An experimental study on vibration damping using curvilinear acoustic black holes

Abstract

Acoustic black hole (ABH) is a wedge-shaped structure with a power law profile attached to one end of a plate or beam to dampen the bending waves from the plate or beam, thereby reducing the vibration. Recently, there was a study on a curved ABH with the baseline of a non-zero curvature using a numerical approach, but the experimental works on the damping performance of the curved ABH are not conducted yet. In this study, we experimentally investigate the effect of curvatures of the curved ABH on the vibration damping performance. The curved ABHs studied in this work are divided into two cases: (1) the curved ABH with the baseline of constant curvatures which has a circular arc shape, (2) the curved ABH with the baseline of varying curvatures. We perform experiments to investigate the effect of constant curvatures on the damping performance of the circular arc shaped ABHs.
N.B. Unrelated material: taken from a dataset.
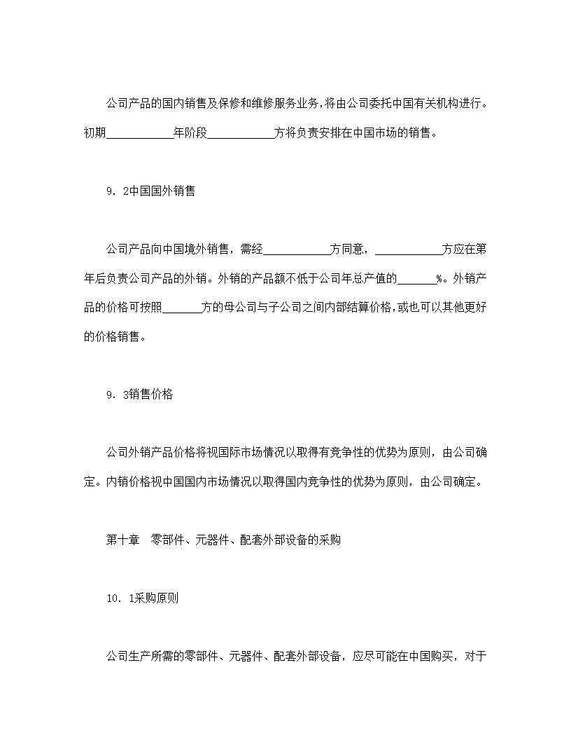 投资双方根据市场需要及公司生产能力,共同拟定 年《生产纲领》作为公司开业头 年的目标。以后生产计划按市场需要以及公司的生产能力进行安排。

An Archimedean spiral ABH, a particular form of the curved ABH of slowly varying curvatures is also investigated experimentally. Due to the limitation of machining tolerance, it is difficult to manufacture a perfect spiral ABH whose baseline follows the exact formula. In order to study the effect of manufacturing uncertainty on the damping performance of the spiral ABH, we numerically compare the damping performance of the perfect Archimedean spiral ABH with the incomplete Archimedean spiral ABH which contains abrupt changes in the curvature. The possibility of the spiral ABH as an efficient vibration damping technique is experimentally confirmed.